On Wednesday morning Richie made his first appearance in court. He’d had his hair cut very short at his father’s insistence, and he was wearing a long-sleeved sweater his father had bought him to replace the tight muscle shirt he usually wore. He looked uncomfortable and sullen, and he spoke in such a low voice that the court reporter had to ask him several times to repeat his answers.

He said he was fifteen, that he’d dropped out of school to take this cruise on the Bewitched because he wanted to and because his father said it would be a valuable experience helping to take a ship through the Canal and up the West Coast.

Most of the time he was speaking he kept his eyes downcast. It was only when he was asked about the night Mrs. Pherson disappeared that he looked directly at Cully, almost as if he were asking permission to answer. Cully turned his head away.

Owen said, “Do you understand the meaning of the oath you took a few minutes ago, Richie?”

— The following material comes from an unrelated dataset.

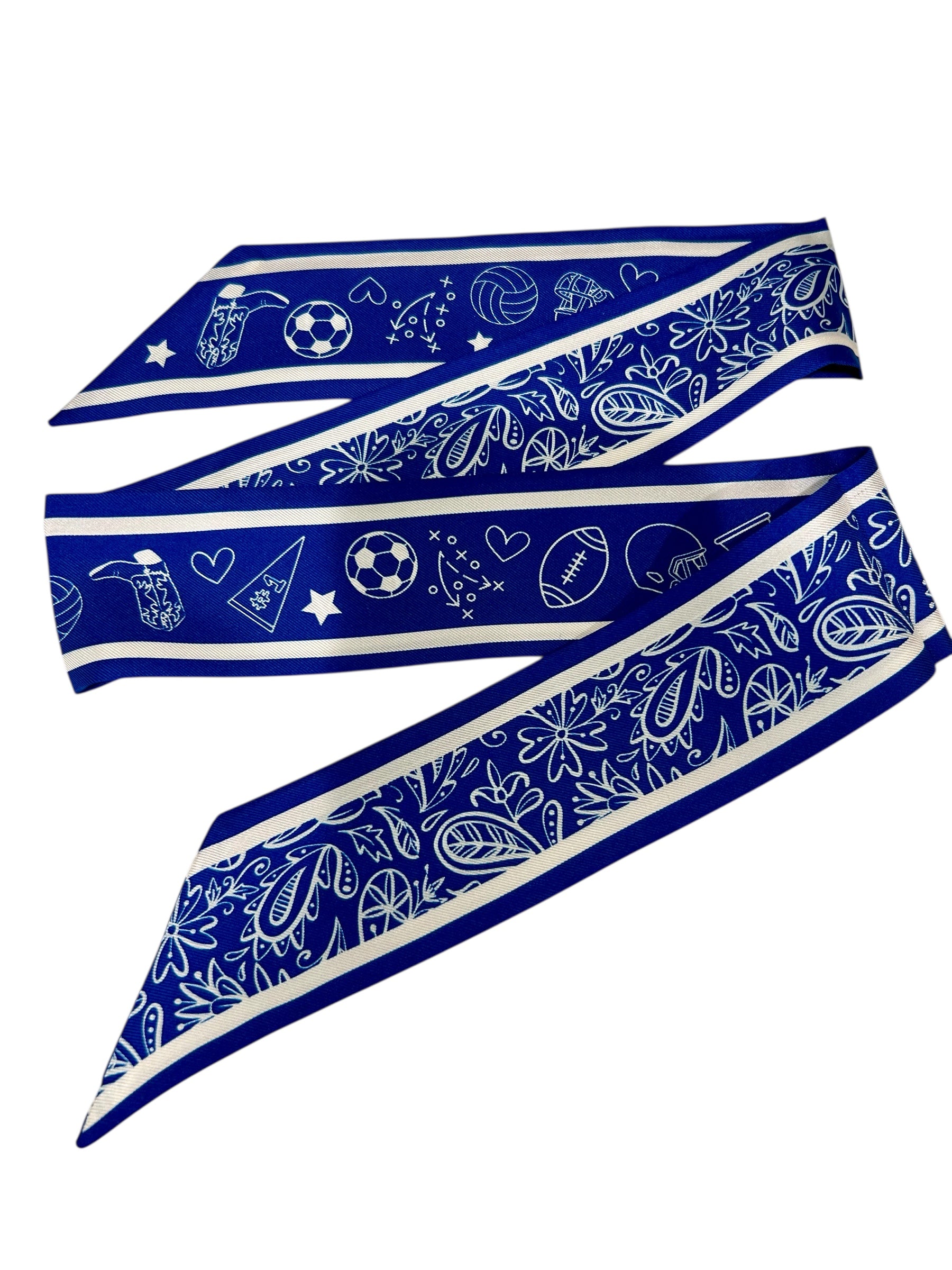 This hand drawn, “Go Team” twilly is the perfect accessory to wear to your cheer on your favorite teams! Wear it in your hair, on a boot, around your purse, as a belt or keep it classic as a neck scarf!

“I got to tell the truth.”

“And if you don’t tell the truth, what is it called?”

“Lying.”

The audience was as quick to laughter as a church congregation. The sound of laughter in court irritated Owen. He always felt that somehow it was directed against him.

“Of course, it’s lying,” he said brusquely. “The legal term is perjury, and it is a punishable offense. Now, you wouldn’t want to commit a serious offense like perjury, would you?”

Owen knew from the boy’s expression that he had taken the wrong approach. It might have worked on his own boys, but this wasn’t a boy. He was a man doing a man’s job with a man’s responsibility. He wasn’t a teenager messing around under the hood of his car; he was in the engine room of a million-dollar yacht.